It’s come up that I have the opportunity (and I say opportunity for a reason) to put my son into daycare. With life forever changing, prospects of new jobs, and my grandparents who have been babysitting him getting older it’s come up that the best thing for him would be daycare/preschool. I do fully agree, since I only have one friend my age with a child my son’s age he hasn’t had the chance to really make friends or socialize, this would be excellent for him.
As a mom I’m totally going through what seems bipolar emotions of my “baby” going off to daycare. I’m sure the mere thought of it has aged me 5 years, it’s daunting to think of my child being in an organized group setting with other children. I dread the thought of him having temper tantrums, time outs, and hitting. My child has funny quirks like for some reason he doesn’t pull his own pants up after he’s done in the bathroom, he calls pinecones “kookooks” and thinks that his stuffed Tiger is real. Even writing this entry is giving me gray hair.

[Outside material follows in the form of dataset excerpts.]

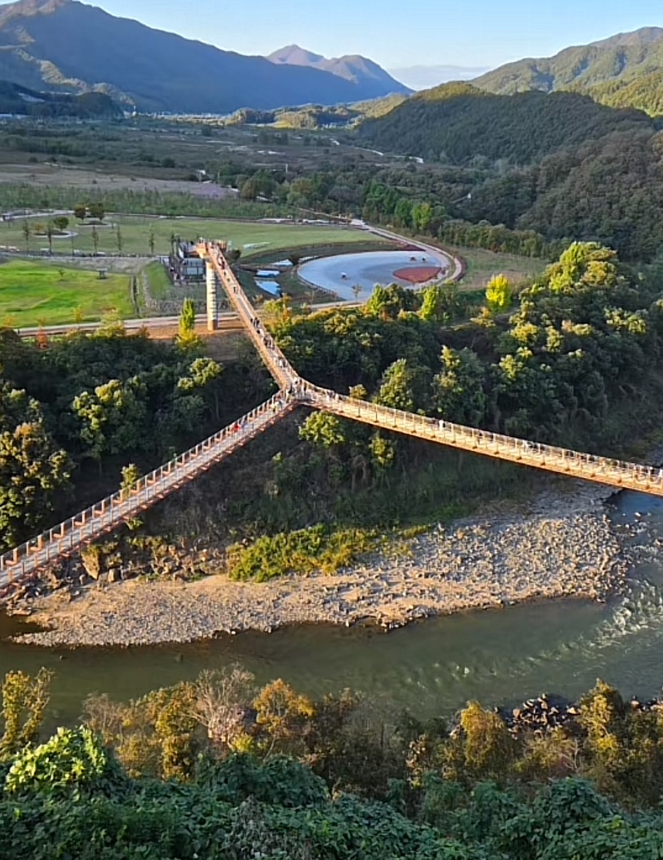 抱川Y字形吊橋橫跨峽谷,三向分岔設計獨特,可俯瞰壯麗山景與溪谷,行走時微微搖晃,充滿刺激與趣味。
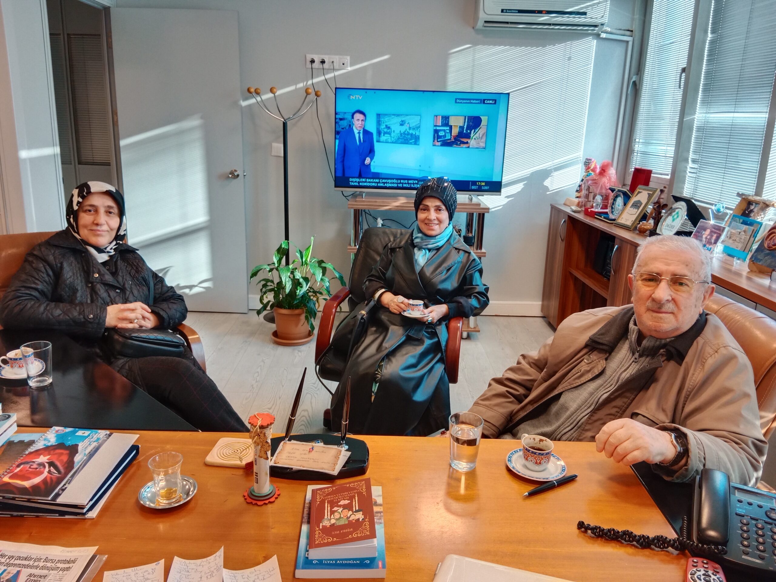 Kızları Macide Gazioğlu Kükürtlü Ortaokulu Din Kültürü ve Ahlak Bilgisi Öğretmeni Süheyla Aydoğan ve Zekai Gümüşdiş Ortaokulu İngilizce Öğretmeni Yasemin Çınar ile ziyaretimize geldiğinde Kudüs-ü Şerif’in Dünü ve Bugünü adlı kitabını imzaladı.
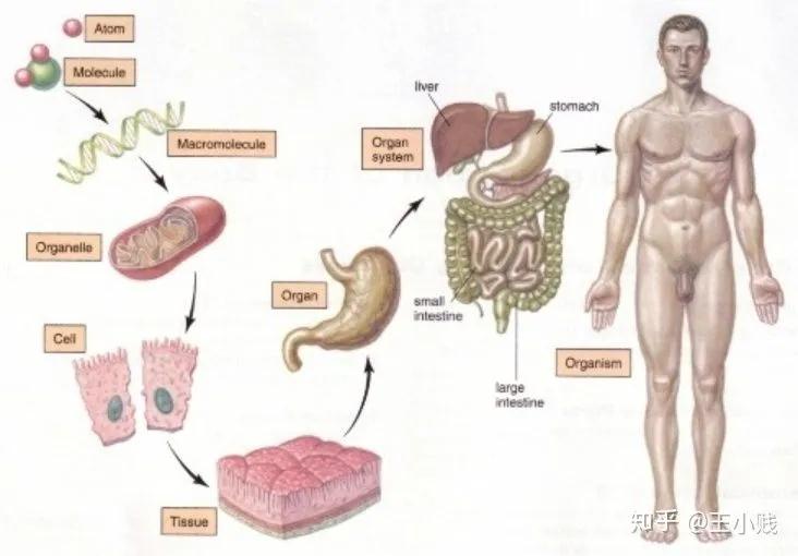 通過上一節的介紹我們也了解到,深度學習的黑箱性主要來源于其G度非線性性質,每個神經元都是由上一層的線性組合再加上一個非線性函數的得到,我們無法像理解線性回歸的參數那樣通過非常solid的統計學基礎假設來理解神經網絡中的參數含義及其重要程度、波動范圍。但實際上我們是知道這些參數的具體值以及整個訓練過程的,所以神經網絡模型本身其實并不是一個黑箱,其黑箱性在于我們沒辦法用人類可以理解的方式理解模型的具體含義和行為,而神經網絡的一個非常好的性質在于神經元的分層組合形式,這讓我們可以用物質組成的視角來理解神經網絡的運作方式。比如如下圖所示,人體的組成過程是從分子-細胞-組織-器官-系統-人體:
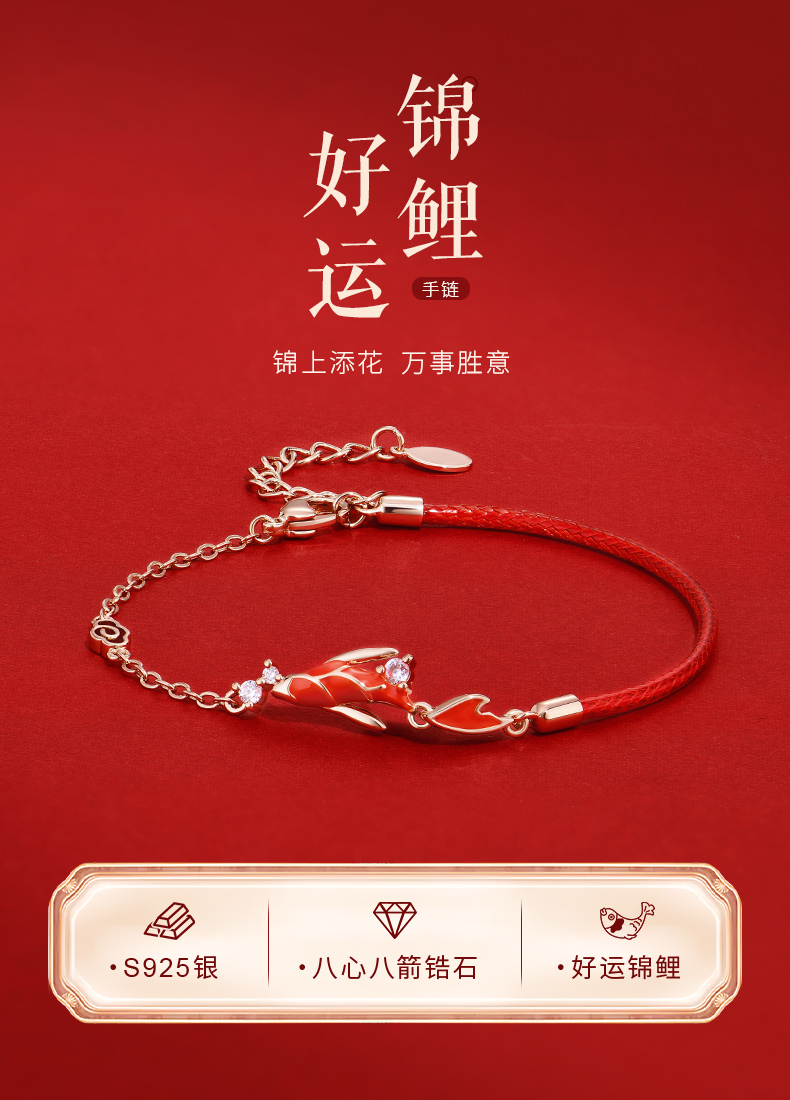 KADER/卡蒂罗 好运锦鲤手链 国风设计 S925 好运吉祥手绳简约大方 女款生日礼物

There’s also the opposite side of the spectrum, the pride, the joy of him coming into being his own person. The thoughts of a newer wardrobe, how fun it’ll be to pack lunches, going out and having him pick out a backpack and lunchbox, having him come home with crafts and making new friends.
Even in working with kids my entire adult career I’ve seen it all and I’m sure that those working in the daycare have also seen their fair share of WTF’s but I’m positive it’ll be my child who pulls a new one.